When I heard that the Burmese authorities had arrested Aung San Suu Kyi for the umpteenth time, I almost felt sorry for those hapless generals. It was only a momentary sensation, mind you, but it helped to flag up the dilemma both sides are facing in this absurd confrontation. Aung San Suu Kyi is one of the few truly good people living today, a virtuous woman who practises Mahatma Gandhi's policy of passive resistance and in so doing represents the democratic aspirations of her fellow Burmese citizens.

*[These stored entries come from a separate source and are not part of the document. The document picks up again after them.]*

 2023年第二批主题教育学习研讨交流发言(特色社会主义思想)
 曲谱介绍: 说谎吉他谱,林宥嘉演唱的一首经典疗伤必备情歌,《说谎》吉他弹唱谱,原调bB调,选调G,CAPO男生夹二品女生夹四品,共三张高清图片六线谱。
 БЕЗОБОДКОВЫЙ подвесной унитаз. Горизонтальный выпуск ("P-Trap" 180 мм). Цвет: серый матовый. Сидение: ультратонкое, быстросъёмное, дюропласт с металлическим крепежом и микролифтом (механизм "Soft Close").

Her persecutors are a vicious bunch of unelected soldiers who have turned this beautiful country into a living hell. Burma - or Myanmar - is isolated from the rest of the world and its people have been repressed for far too many years. Apart from the brave Buddhist priests who risked their lives to highlight the country's plight a year or so ago, this slight, saintly 63-year-old woman remains their best hope of salvation. The generals may have silenced her for the time being, but, make no mistake, in her case, stone walls do not a prison make, nor iron bars a cage.
The reason for Aung San Suu Kyi's confinement in the grisly Insein jail in Rangoon is ridiculous. A deluded US war veteran called John Yettaw swam across the lake beside her compound and demanded from his unwilling host some kind of absolution for his role in Vietnam and the more recent death of his son. He probably meant well, more likely than not he is suffering from post traumatic stress syndrome, but whatever the reason for his crazy actions, he broke the terms of Aung San Suu Kyi's house arrest and so she has to pay the penalty.

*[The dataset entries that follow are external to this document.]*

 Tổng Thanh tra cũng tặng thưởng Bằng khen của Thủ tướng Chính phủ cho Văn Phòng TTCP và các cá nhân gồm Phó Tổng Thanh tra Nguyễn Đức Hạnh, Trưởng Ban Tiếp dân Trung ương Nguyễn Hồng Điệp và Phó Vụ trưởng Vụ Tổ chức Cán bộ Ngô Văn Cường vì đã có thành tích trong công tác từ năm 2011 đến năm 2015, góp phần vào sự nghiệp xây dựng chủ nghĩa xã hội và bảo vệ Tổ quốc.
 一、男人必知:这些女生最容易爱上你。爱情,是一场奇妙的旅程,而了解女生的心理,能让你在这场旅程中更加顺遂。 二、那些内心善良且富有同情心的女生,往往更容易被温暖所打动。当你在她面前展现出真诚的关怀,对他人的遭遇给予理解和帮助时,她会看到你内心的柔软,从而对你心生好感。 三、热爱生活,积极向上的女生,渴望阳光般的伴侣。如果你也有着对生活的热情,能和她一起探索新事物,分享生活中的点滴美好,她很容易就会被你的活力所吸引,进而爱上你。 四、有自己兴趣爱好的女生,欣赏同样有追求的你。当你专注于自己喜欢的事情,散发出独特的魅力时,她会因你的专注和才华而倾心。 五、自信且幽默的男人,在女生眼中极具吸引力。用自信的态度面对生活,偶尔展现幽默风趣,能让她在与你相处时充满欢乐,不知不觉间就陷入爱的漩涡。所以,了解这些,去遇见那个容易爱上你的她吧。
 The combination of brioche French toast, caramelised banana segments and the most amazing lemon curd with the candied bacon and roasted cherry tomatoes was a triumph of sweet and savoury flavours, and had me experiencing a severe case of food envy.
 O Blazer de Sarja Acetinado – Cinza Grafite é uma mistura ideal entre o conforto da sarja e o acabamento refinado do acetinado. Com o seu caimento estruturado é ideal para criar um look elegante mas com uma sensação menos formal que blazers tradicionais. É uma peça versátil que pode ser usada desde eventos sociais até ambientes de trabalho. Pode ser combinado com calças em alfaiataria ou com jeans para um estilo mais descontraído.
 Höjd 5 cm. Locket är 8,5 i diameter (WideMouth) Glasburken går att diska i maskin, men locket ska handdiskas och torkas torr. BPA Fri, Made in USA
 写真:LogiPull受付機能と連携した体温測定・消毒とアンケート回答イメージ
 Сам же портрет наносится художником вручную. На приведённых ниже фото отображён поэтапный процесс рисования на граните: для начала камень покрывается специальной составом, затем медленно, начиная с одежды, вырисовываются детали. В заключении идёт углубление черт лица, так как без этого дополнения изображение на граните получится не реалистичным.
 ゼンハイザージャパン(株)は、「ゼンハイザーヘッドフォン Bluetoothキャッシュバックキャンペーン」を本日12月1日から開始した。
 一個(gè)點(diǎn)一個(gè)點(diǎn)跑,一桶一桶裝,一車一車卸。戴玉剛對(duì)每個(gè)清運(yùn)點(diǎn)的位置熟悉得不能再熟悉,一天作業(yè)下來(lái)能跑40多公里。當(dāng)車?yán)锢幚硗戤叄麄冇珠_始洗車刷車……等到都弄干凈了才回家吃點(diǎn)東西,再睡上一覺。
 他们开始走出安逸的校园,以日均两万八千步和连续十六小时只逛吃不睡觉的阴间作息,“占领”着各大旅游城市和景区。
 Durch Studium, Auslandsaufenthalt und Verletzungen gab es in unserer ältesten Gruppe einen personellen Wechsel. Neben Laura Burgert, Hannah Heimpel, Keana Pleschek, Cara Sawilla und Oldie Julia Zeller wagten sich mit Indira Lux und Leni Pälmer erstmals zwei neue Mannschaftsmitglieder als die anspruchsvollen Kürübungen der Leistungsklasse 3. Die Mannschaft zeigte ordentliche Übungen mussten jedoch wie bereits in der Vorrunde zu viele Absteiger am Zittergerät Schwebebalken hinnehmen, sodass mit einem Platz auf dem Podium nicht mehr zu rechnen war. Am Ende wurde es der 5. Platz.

Yettaw is neither better nor worse than any number of groupies who want to get close to the object of their obsession, but his unexpected watery appearance gave the generals the pretext that they needed to keep her in check. Aung San Suu Kyi's house arrest was due to be reviewed this week, but now she is facing criminal charges - a good outcome for her jailers if they want to ensure her silence ahead of next year's elections.
They can't afford to allow her to return to public life because they know that while she is a beacon of hope they symbolise nothing but despair.

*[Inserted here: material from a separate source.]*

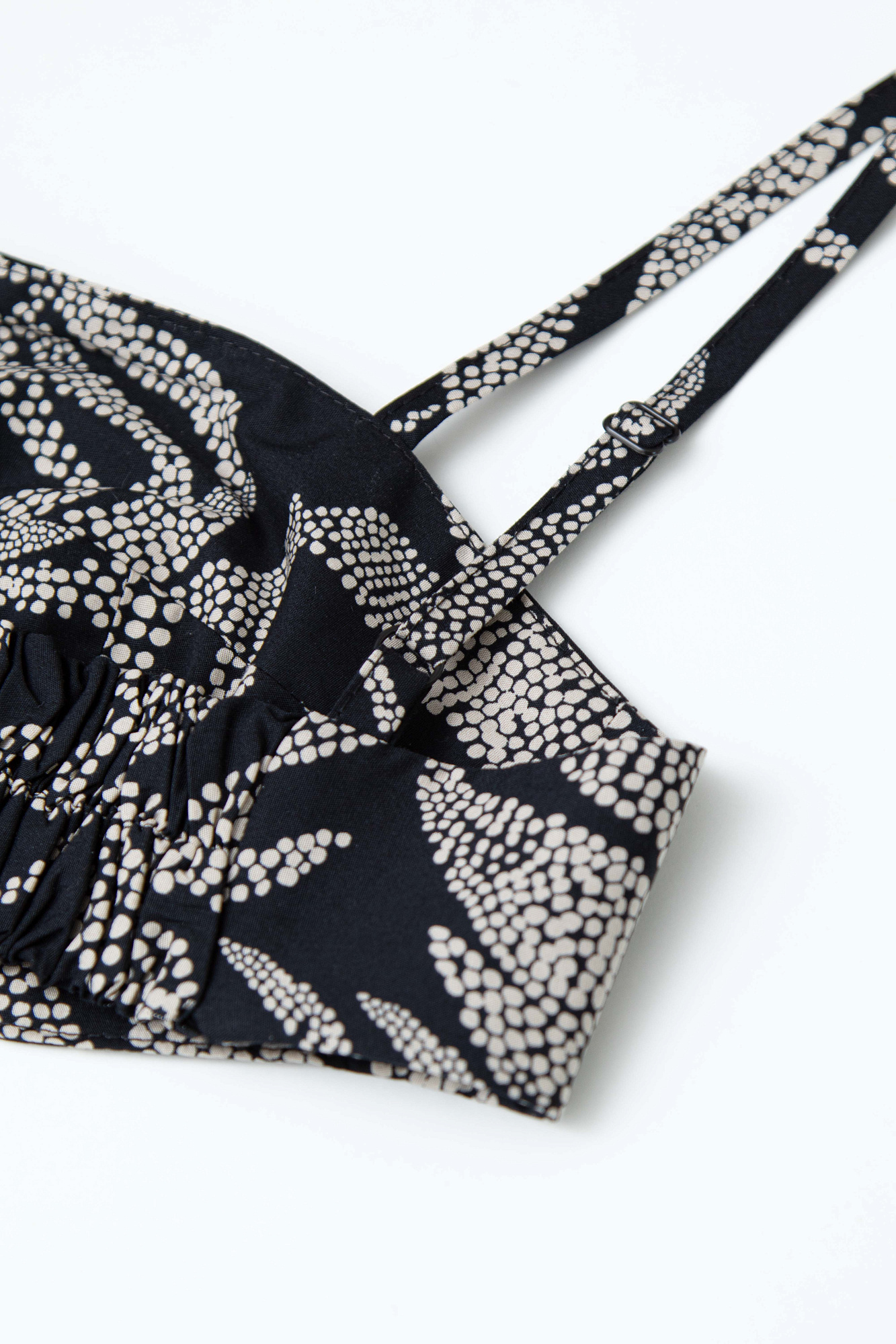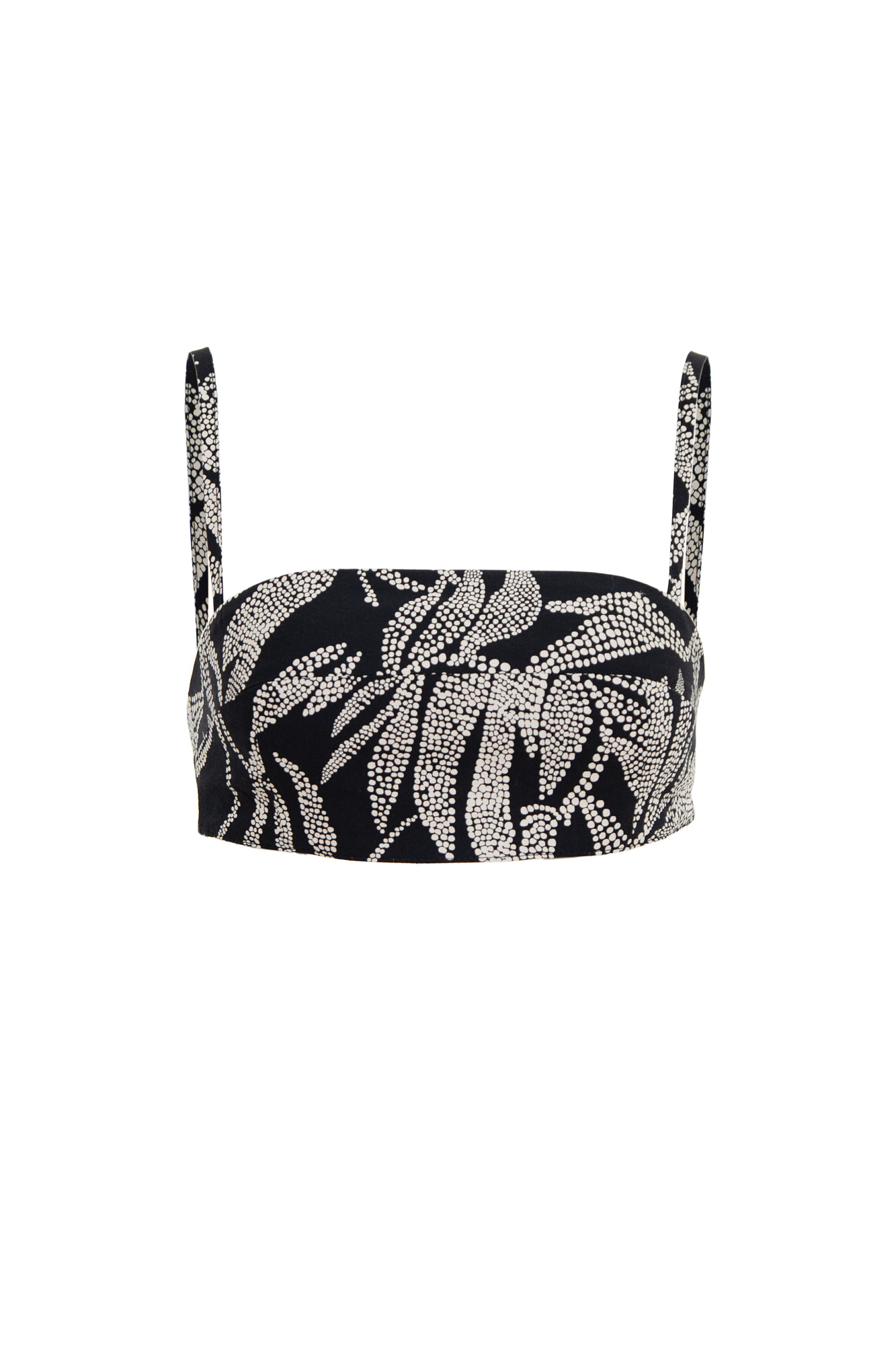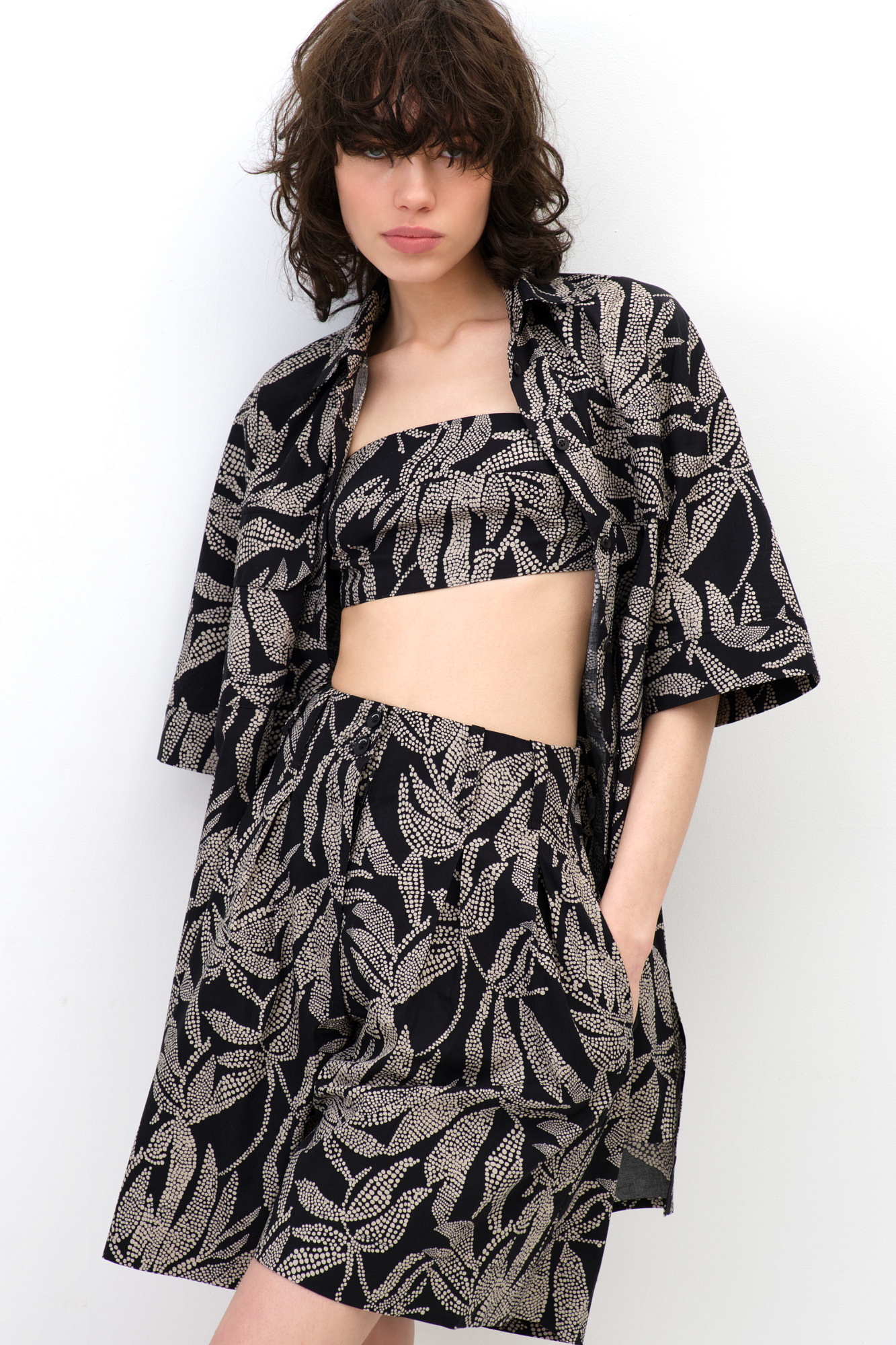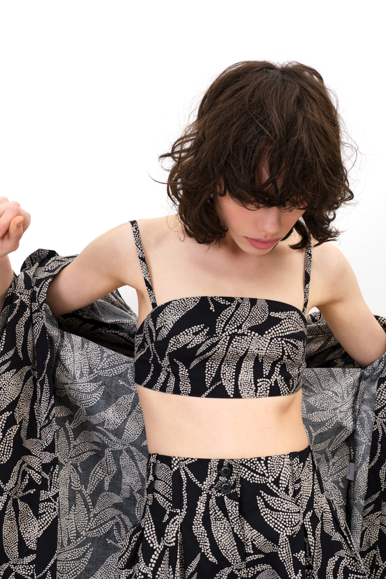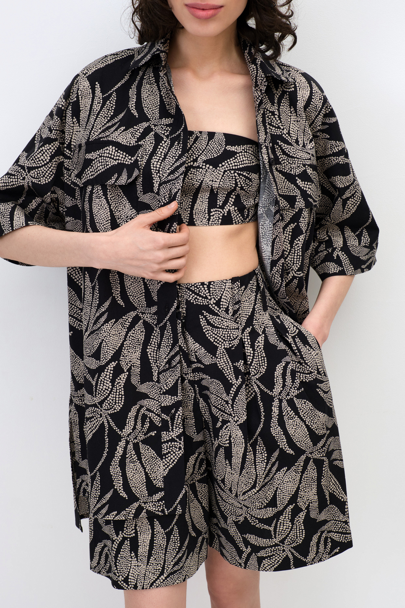 Принтованный топ из 100% хлопка на бретелях и эластичной ленте на спине. Дополнить образ можно рубашкой и шортами в таком же стиле.

As long as Aung San Suu Kyi is out of sight, the generals hope that she will be out of mind, but on this point their reasoning is askew. Keeping her in Insein is not an option. All along the generals have conceded that placing Aung San Suu Kyi in irons would create such opprobrium that they would have to bow to international pressure. That's why house arrest suits them. It removes her from the public gaze, but it doesn't seem excessively brutal. She can receive limited numbers of carefully vetted visitors, she has restricted access to the outside world but to all intents and purposes she is a bird in a less than gilded cage.
That's the theory and down the years despots have attempted to silence their opponents by using dungeons of one kind or another. Sometimes they succeed - Imre Nagy's arrest and eventual execution by the Soviets in Budapest in 1958 springs to mind - but in Aung San Suu Kyi's case, the Burmese generals are on a hiding to nothing. Ever since she returned to Burma 21 years ago to renew the flame of independence originally lit by her father Aung San, she has opposed the rule of the generals. By way of response, they simply didn't know what to do with her and the years of house arrest and repression have done nothing to silence her.
More than that, she has come to represent everything that her jailers are not. Her moral courage is beyond praise. Her quiet authority grows with every attempt made by her oppressors to try to silence her. Her resilience is a shining example to others and a reminder that although the generals have the guns and the big battalions, she possesses an integrity which can only be earned the hard way. Ranged against her, the generals are little more than moral pygmies, diminished by their many oppressions and shamed by their refusal to take heed of a good woman.
But, as ever, Aung San Suu Kyi has provided the last word and it's one that should be heeded, not just in her own country but elsewhere. It's fear that corrupts, not power, she wrote in her memoirs, adding the thought that "fear of losing power corrupts those who wield it". Sounds familiar, doesn't it?